━━ Supplied material ━━

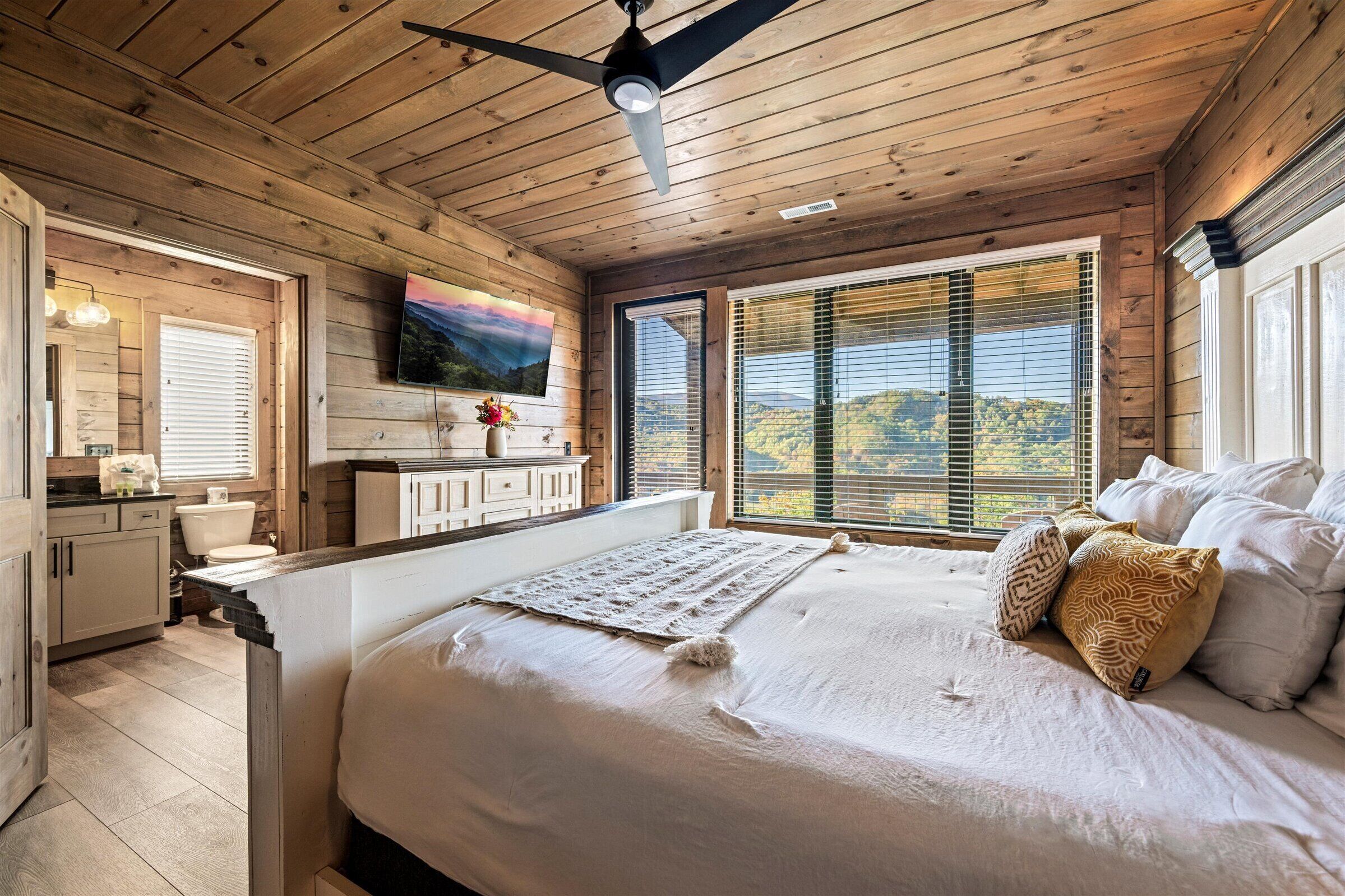 Escape to Thunder Mountain Sanctuary, a luxury 5-bedroom, 5.5-bath cabin in Pigeon Forge, Tennessee, where panoramic mountain views meet high-end comfort. Perfect for families, groups, and reunions, this modern mountain retreat sleeps up to 12 guests and features a private indoor pool, home theater, arcade, hot tub, and dual fire pits—all surrounded by the breathtaking Smoky Mountains.
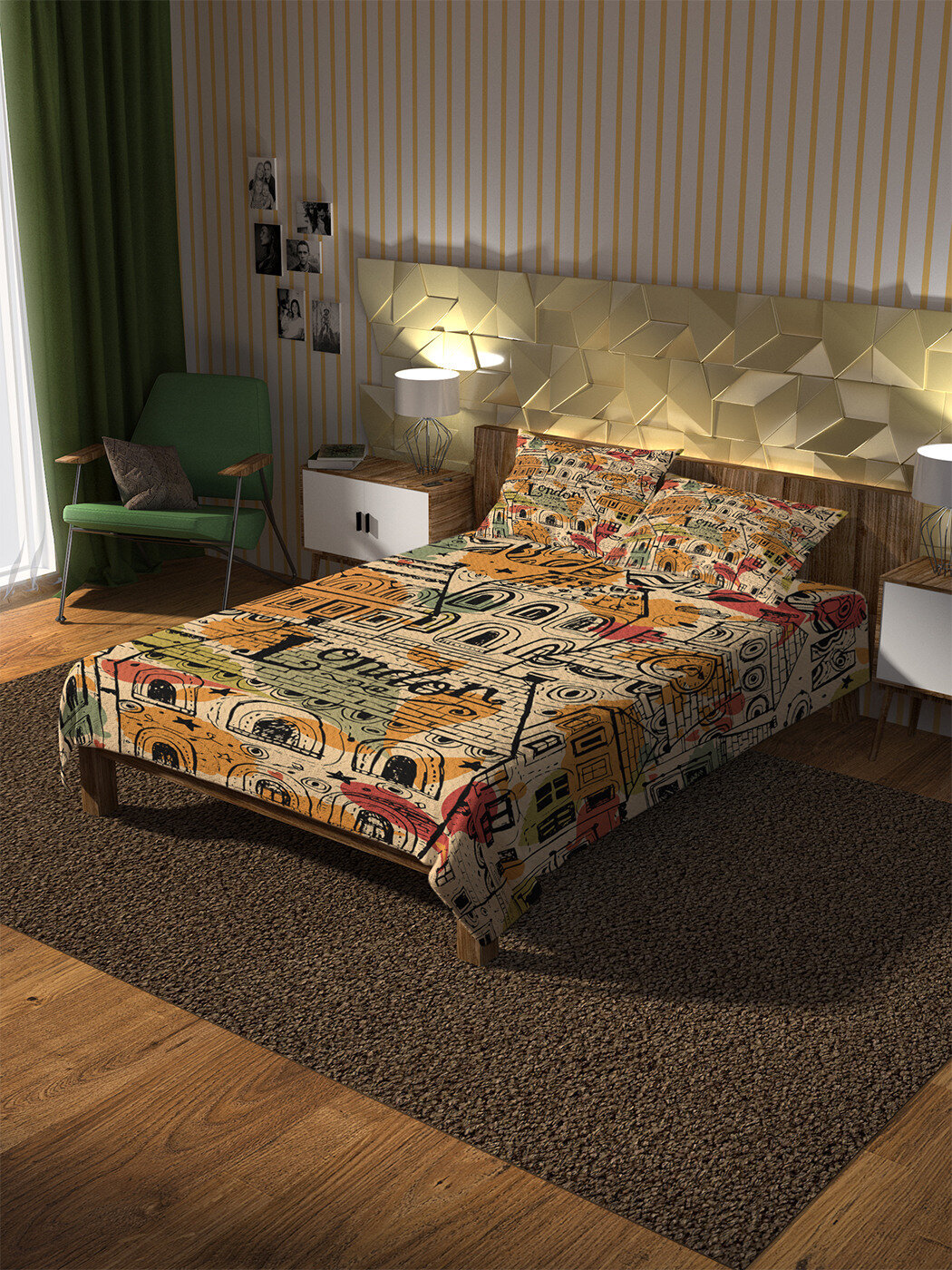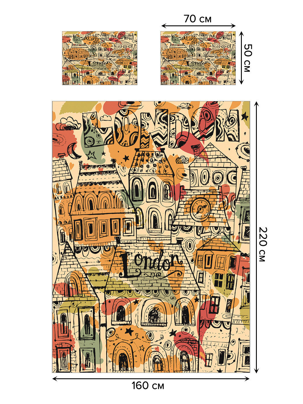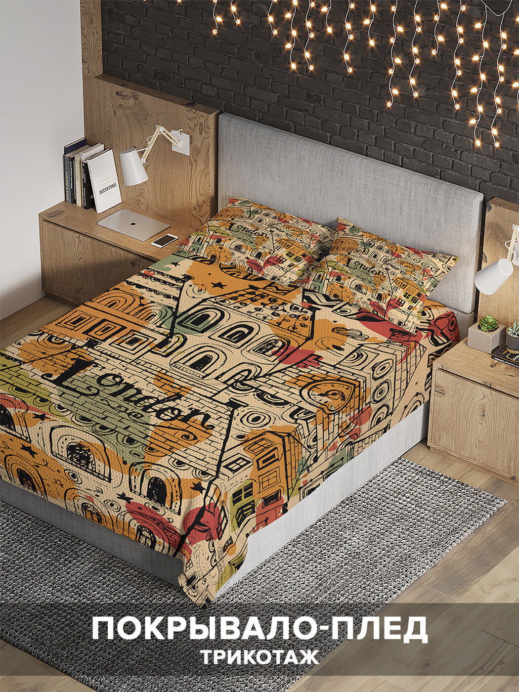 Модель: Покрывало стеганое Лондонский район 220х160 и две наволочки 70х50
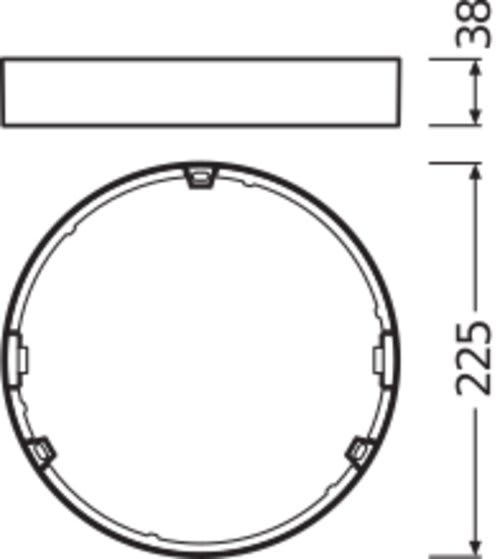 Cornice di montaggio a plafone, forma rotonda. Caratteristiche prodotto: Bassa profondità di montaggio. Robusto corpo in policarbonato. Accessori di montaggio inclusi. Vantaggi prodotto: Ingresso del cavo su un lato per una connessione elettrica a basso profilo. Installazione semplice grazie allo spazio per il foro. Aree applicative: Illuminazione generale. Aree pubbliche. Scale. Corridoi. Hall. Negozi.
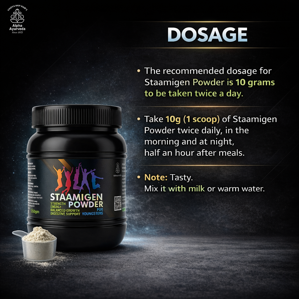 - Dosage: Take 10g (1 scoop) of Staamigen twice daily, in the morning and at night, half an hour after meals.
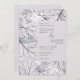 De här 5 x 7-tums bröllopsinbjudningarna har en abstrakt löv-design i skuggor av dammig grått och lavender med platshållare: "Vi inbjudan för att fira bröllop av, " bruden och brudgummen för- och efternamn, datum, tid, plats för bröllop, namn och adress, "mottagning att följa".
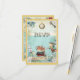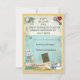 Elegant, whimsical vintage Alice in Wonderland collage neutral RSVP Bring a Book Baby Shower tea party flat cards perfect for showers for boys or girls. On the front of these cute shabby chic blue, yellow and white invitations is the colourful mad hatter with a cup of tea and a slice of bread and jam. He is talking to the grinning Cheshire cat who is sat on a pile of books. The white rabbit is beside him holding his gold pocket watch. The background is a beautiful vintage colourful blue journal paper with flowers, an antique brass key, glamourous gold pocket watch, pretty white daisies and blue roses with a stylish yellow hearts border . On the back is the same background with the addition of an Alice's Adventures in Wonderland antique book, a teapot, jam tart heart and an open book . All of the text is fully customisable to meet your needs and you can change the font style, colour and size of font if you desire. If you need any assistance customising your product please contact me through my store and I will be happy to help. PLEASE NOTE: All invites on Zazzle have flat printed images.
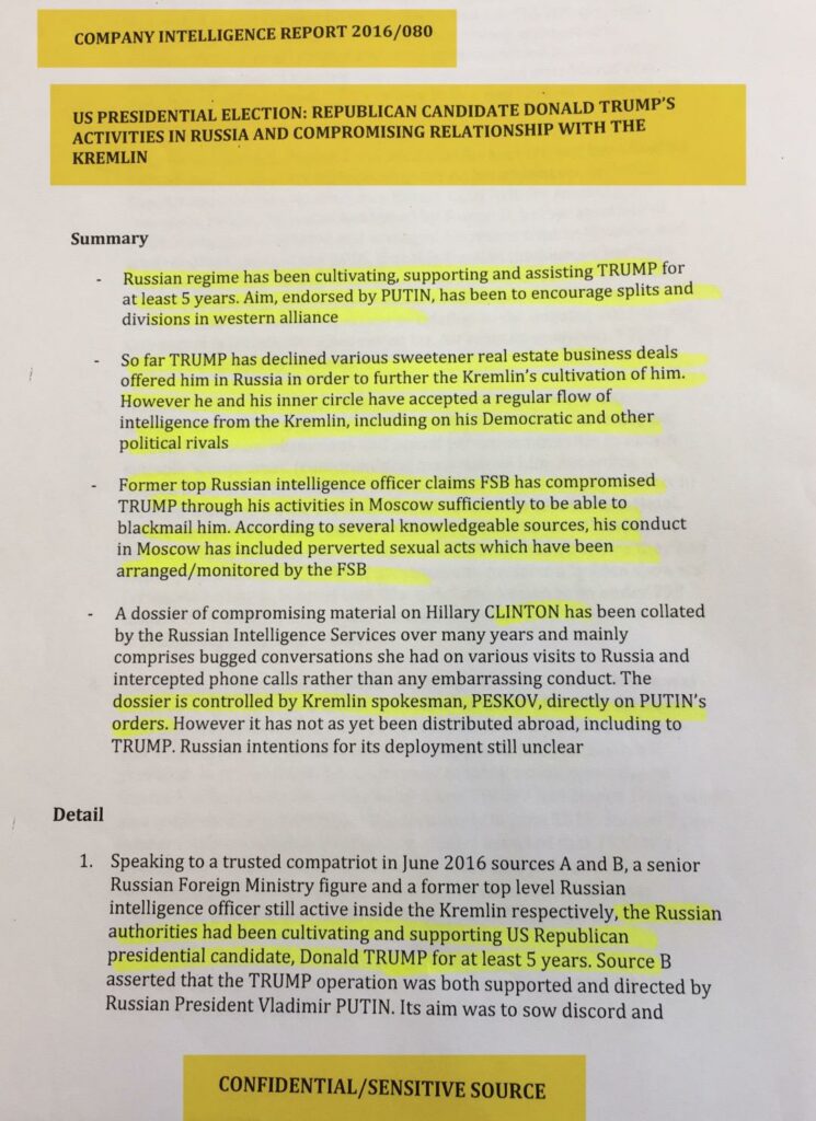 On January 10, four days after my meeting with Trump, the online publication BuzzFeed published in full the thirty-five-page dossier that I had briefed Trump on.
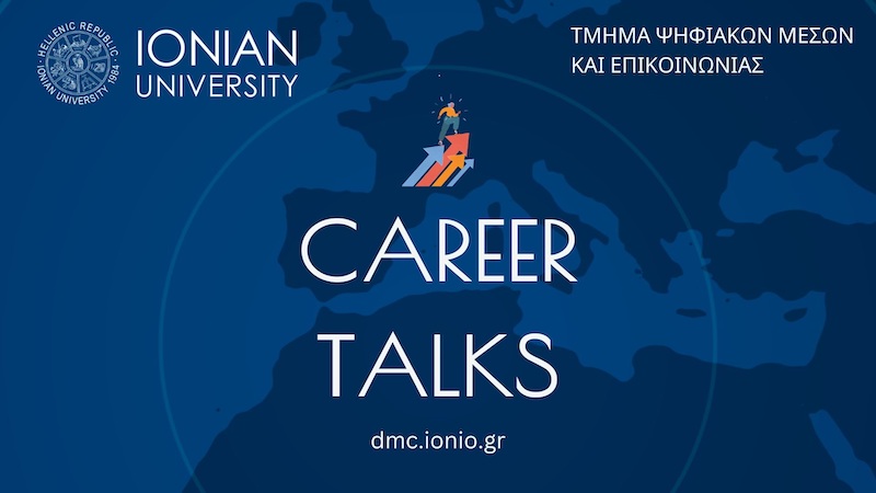 Το Τμήμα Ψηφιακών Μέσων και Επικοινωνίας του Ιονίου Πανεπιστημίου διοργανώνει για 4η συνεχή χρονιά “Ημέρα Καριέρας” (Career Talks) τη Δευτέρα, 17 Φεβρουαρίου 2025 στις 18:00 στο Αμφιθέατρο «Γεράσιμος Αρσένης» του Τμήματος Ψηφιακών Μέσων και Επικοινωνίας (Αντ. Τρίτση 1, Αργοστόλι).
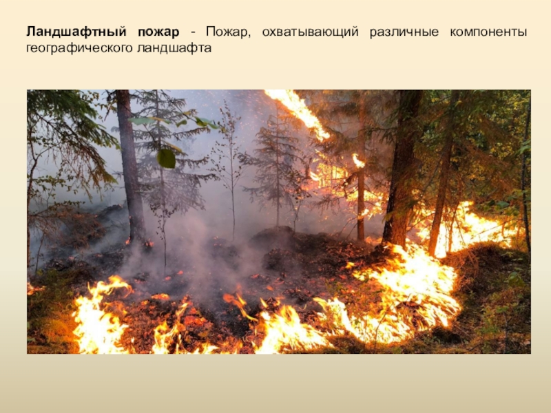 Слайд 8Ландшафтный пожар - Пожар, охватывающий различные компоненты географического ландшафта
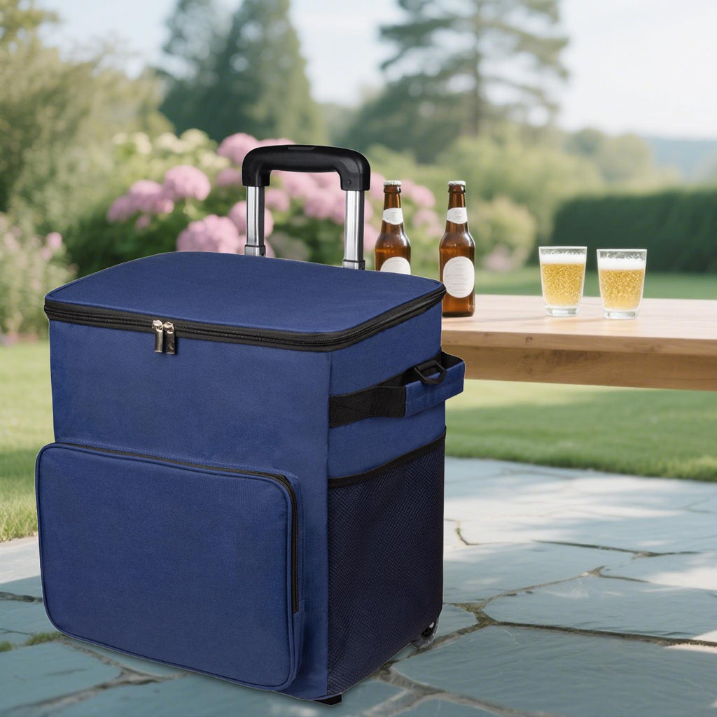 Maxbell Rolling Cooler Compact Chiller Soft Travel Cooler for Beach Shopping Camping Navy blue
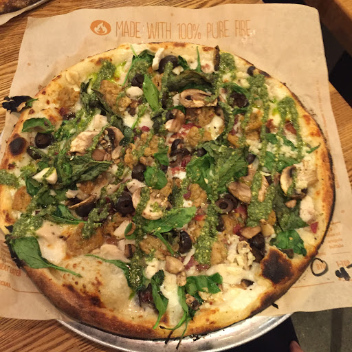 A Chipotle for pizza. Large selection of ingredients. Add as much or as little as youd like. Sometimes there is a bit of a wait to order but they move fairly quickly and efficiently. Can be hard to find a table at times as it tends to get full for dinner.
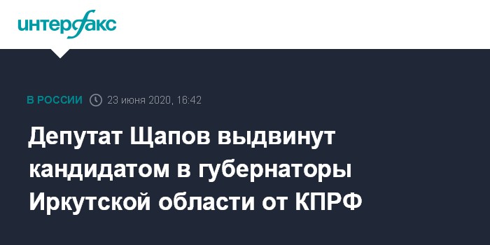 Москва. 23 июня. INTERFAX.RU - Кандидатура депутата Госдумы Михаила Щапова выдвинута иркутским обкомом на пост губернатора области, заявил "Интерфаксу" зампред ЦК КПРФ Юрий Афонин.
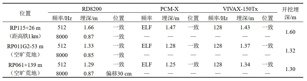 (2)驗證情況。采用RD8200(512 Hz和8k Hz)、PCM-X(低頻ELF)、VIVAX-150Tx(128 Hz)三種設(shè)備及不同頻率信號對光纜埋深、位置進行復(fù)測及開挖驗證(表 1),當采用RD8200(8k Hz)高頻信號時,復(fù)測結(jié)果與實際開挖埋深相差較大,且有一處位置偏移30 cm;當采用RD8200(512 Hz)、PCM-X(低頻ELF)、VIVAX-150Tx(128 Hz)低頻信號時,復(fù)測結(jié)果與實際開挖埋深比較一致。
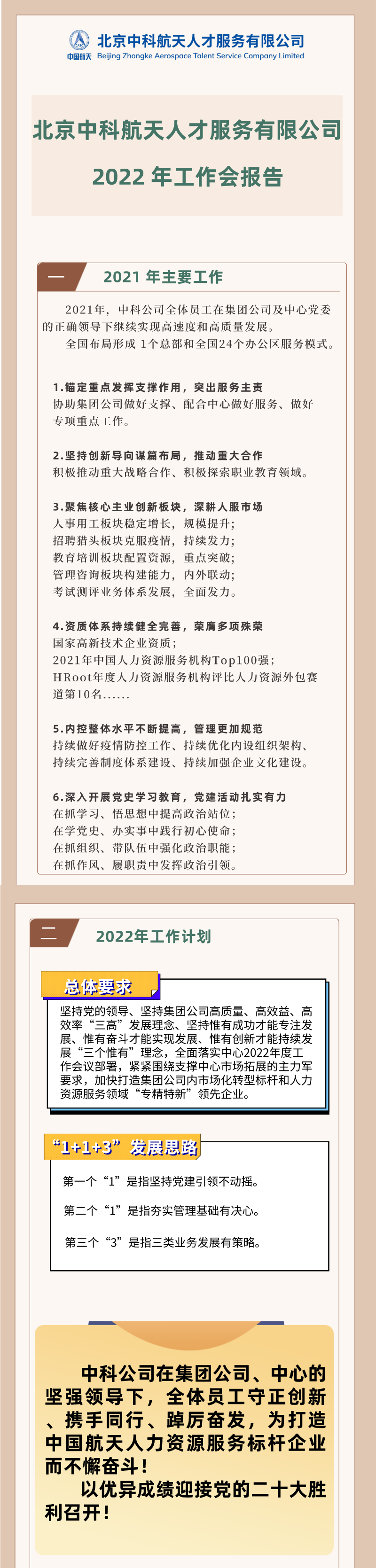 北京中科航天人才服務有限公司2022年工作會報告

━━━

Action item ::
Repeat only what runs from the first line of the records above to the line with "De här 5 x 7-tums", both included, word for word, minus the pictures.

Response to this exercise ::
 Escape to Thunder Mountain Sanctuary, a luxury 5-bedroom, 5.5-bath cabin in Pigeon Forge, Tennessee, where panoramic mountain views meet high-end comfort. Perfect for families, groups, and reunions, this modern mountain retreat sleeps up to 12 guests and features a private indoor pool, home theater, arcade, hot tub, and dual fire pits—all surrounded by the breathtaking Smoky Mountains.
 Модель: Покрывало стеганое Лондонский район 220х160 и две наволочки 70х50
 Cornice di montaggio a plafone, forma rotonda. Caratteristiche prodotto: Bassa profondità di montaggio. Robusto corpo in policarbonato. Accessori di montaggio inclusi. Vantaggi prodotto: Ingresso del cavo su un lato per una connessione elettrica a basso profilo. Installazione semplice grazie allo spazio per il foro. Aree applicative: Illuminazione generale. Aree pubbliche. Scale. Corridoi. Hall. Negozi.
 - Dosage: Take 10g (1 scoop) of Staamigen twice daily, in the morning and at night, half an hour after meals.
 De här 5 x 7-tums bröllopsinbjudningarna har en abstrakt löv-design i skuggor av dammig grått och lavender med platshållare: "Vi inbjudan för att fira bröllop av, " bruden och brudgummen för- och efternamn, datum, tid, plats för bröllop, namn och adress, "mottagning att följa".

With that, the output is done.